##### Records shown
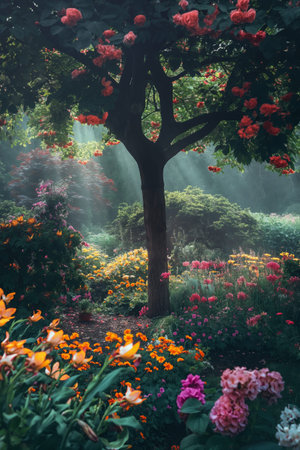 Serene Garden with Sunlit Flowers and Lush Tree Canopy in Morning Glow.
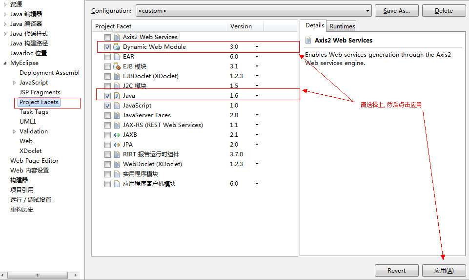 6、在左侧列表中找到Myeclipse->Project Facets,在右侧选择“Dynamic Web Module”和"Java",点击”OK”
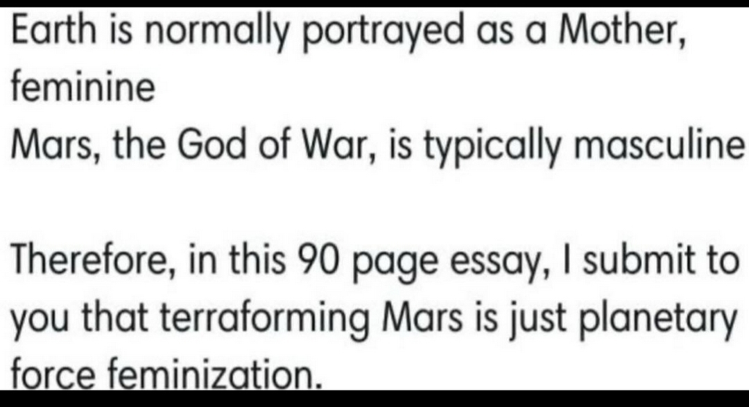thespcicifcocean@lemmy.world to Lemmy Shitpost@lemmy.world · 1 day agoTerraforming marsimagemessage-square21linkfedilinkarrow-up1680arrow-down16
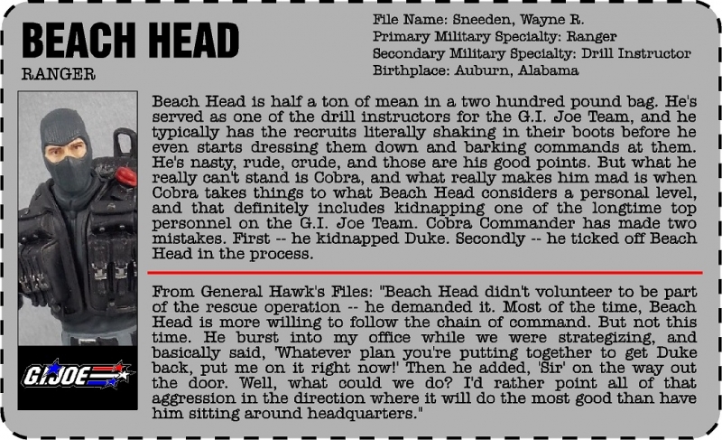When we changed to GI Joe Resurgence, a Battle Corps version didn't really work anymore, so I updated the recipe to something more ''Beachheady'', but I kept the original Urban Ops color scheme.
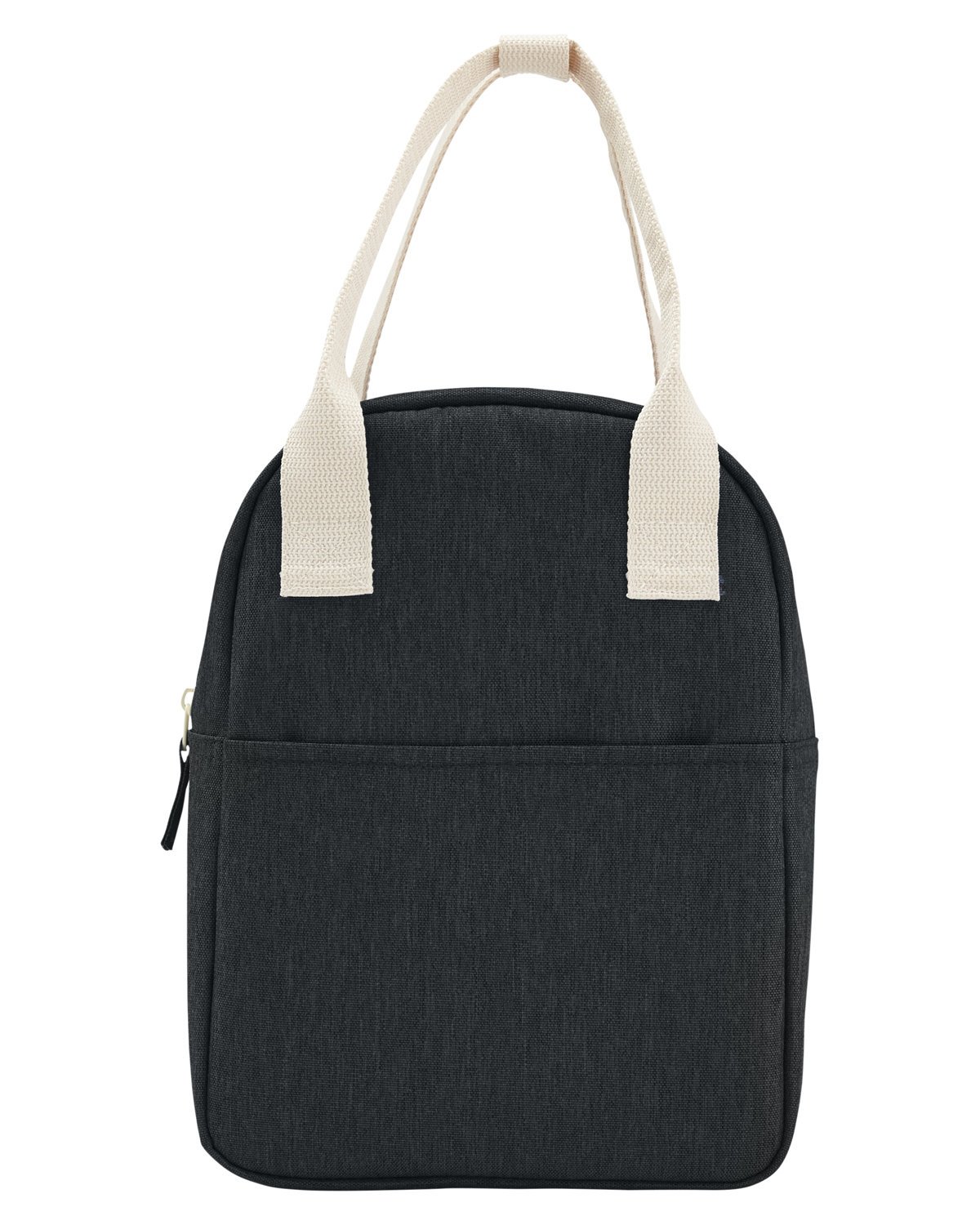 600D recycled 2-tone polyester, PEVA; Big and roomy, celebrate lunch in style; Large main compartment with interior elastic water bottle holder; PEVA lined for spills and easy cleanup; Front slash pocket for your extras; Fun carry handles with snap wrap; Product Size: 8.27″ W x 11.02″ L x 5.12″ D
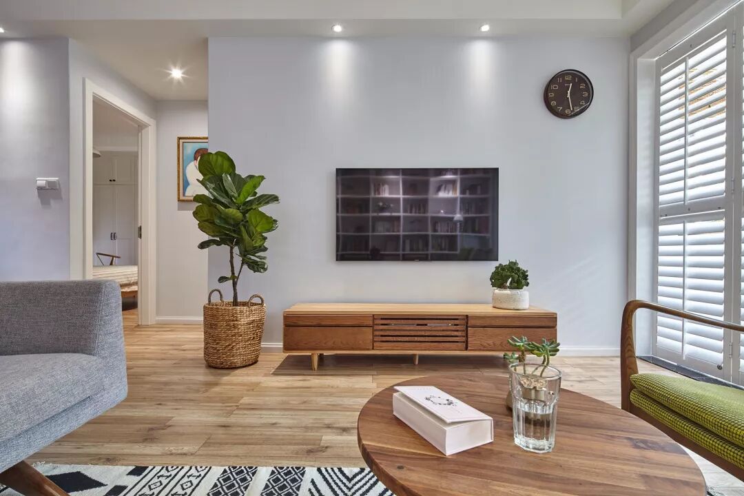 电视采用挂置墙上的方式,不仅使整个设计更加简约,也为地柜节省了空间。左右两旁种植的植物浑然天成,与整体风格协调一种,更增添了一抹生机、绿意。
##########
##### Records shown
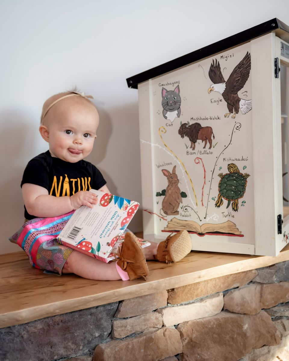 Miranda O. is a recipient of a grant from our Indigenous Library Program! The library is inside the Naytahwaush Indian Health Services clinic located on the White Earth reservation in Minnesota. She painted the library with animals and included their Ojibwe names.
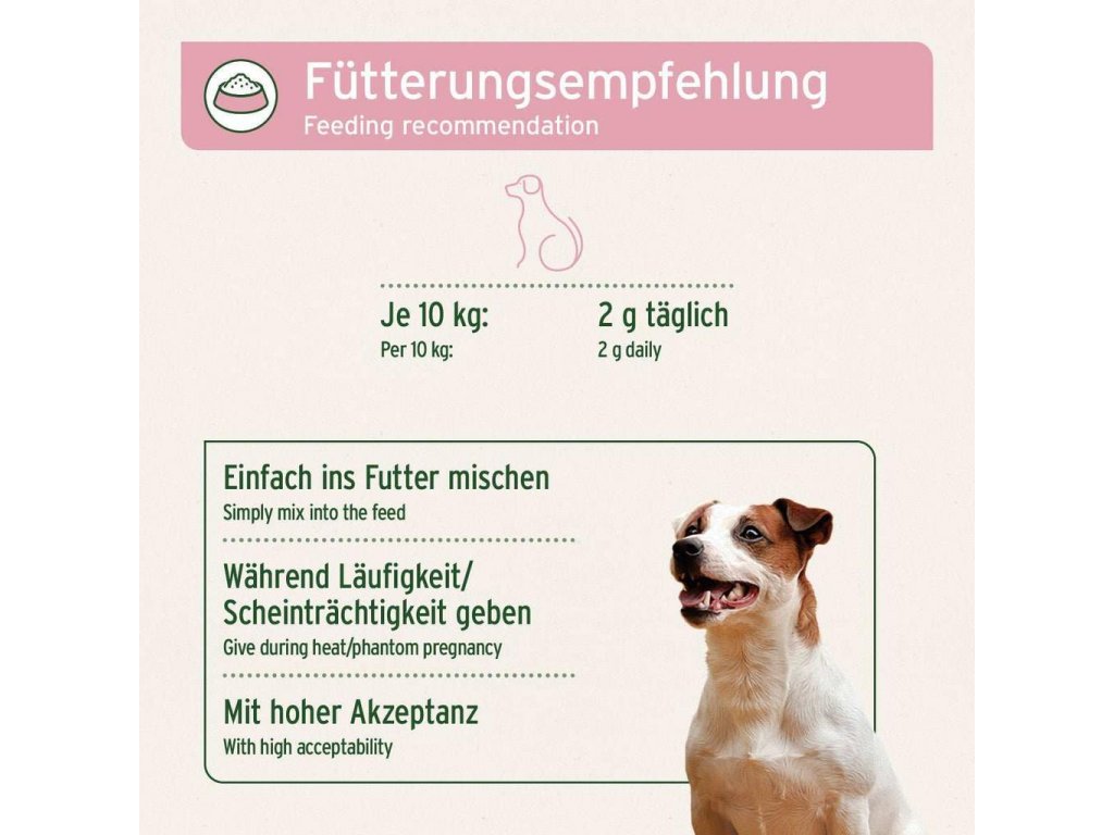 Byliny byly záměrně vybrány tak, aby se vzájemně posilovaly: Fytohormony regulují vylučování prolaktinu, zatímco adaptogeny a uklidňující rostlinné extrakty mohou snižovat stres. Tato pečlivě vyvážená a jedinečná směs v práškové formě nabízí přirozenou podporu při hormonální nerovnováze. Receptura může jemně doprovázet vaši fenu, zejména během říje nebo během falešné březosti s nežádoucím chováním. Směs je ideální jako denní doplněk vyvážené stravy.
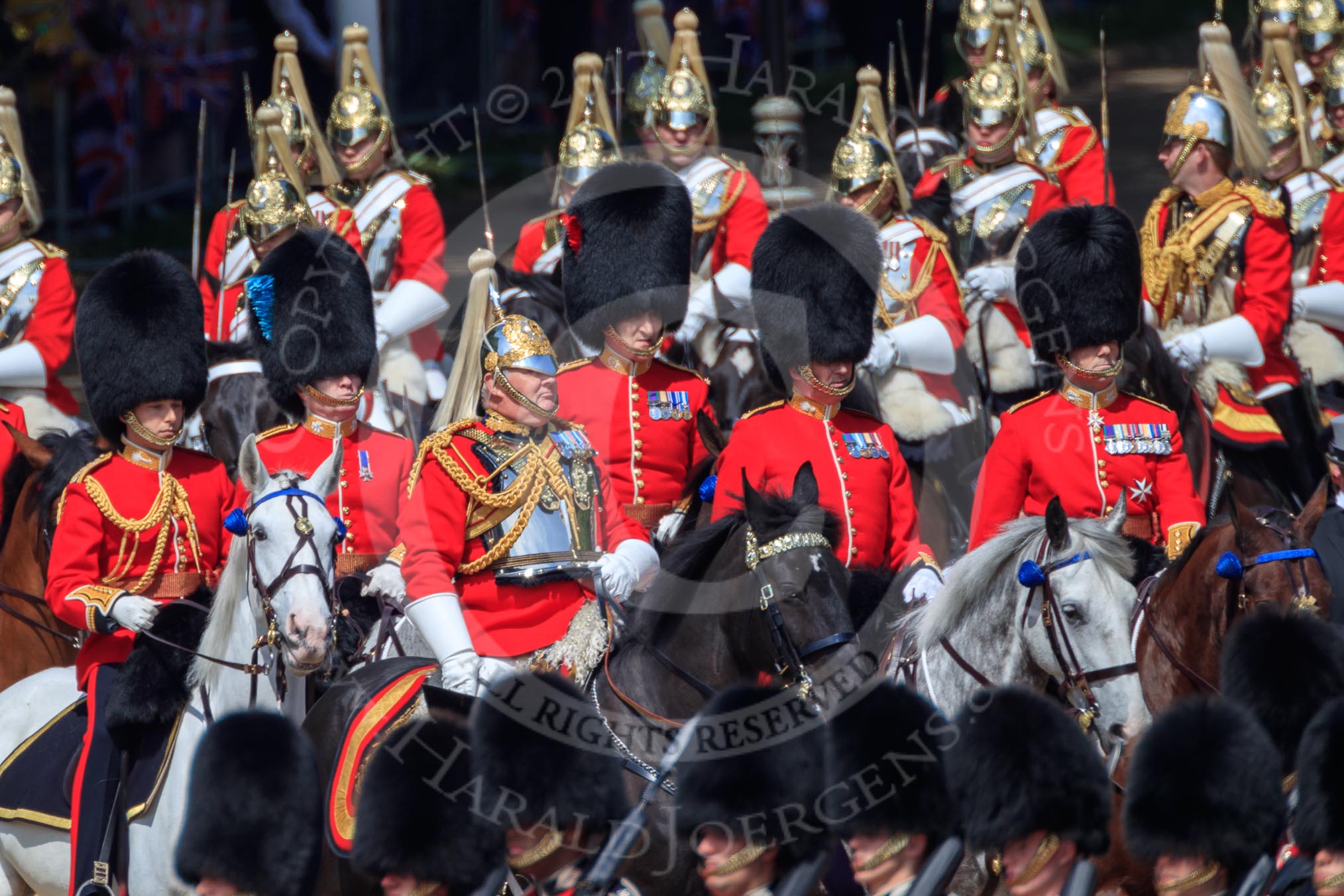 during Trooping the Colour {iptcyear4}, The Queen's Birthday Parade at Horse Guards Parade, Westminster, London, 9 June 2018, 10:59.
##########
▸ Exercise goal: Exact copy, no pictures. Write out the lines in the entries above, starting with the line with "Byliny byly záměrně" and going on through the line with "during Trooping the", keeping both.

▸ Problem solution:
 Byliny byly záměrně vybrány tak, aby se vzájemně posilovaly: Fytohormony regulují vylučování prolaktinu, zatímco adaptogeny a uklidňující rostlinné extrakty mohou snižovat stres. Tato pečlivě vyvážená a jedinečná směs v práškové formě nabízí přirozenou podporu při hormonální nerovnováze. Receptura může jemně doprovázet vaši fenu, zejména během říje nebo během falešné březosti s nežádoucím chováním. Směs je ideální jako denní doplněk vyvážené stravy.
 during Trooping the Colour {iptcyear4}, The Queen's Birthday Parade at Horse Guards Parade, Westminster, London, 9 June 2018, 10:59.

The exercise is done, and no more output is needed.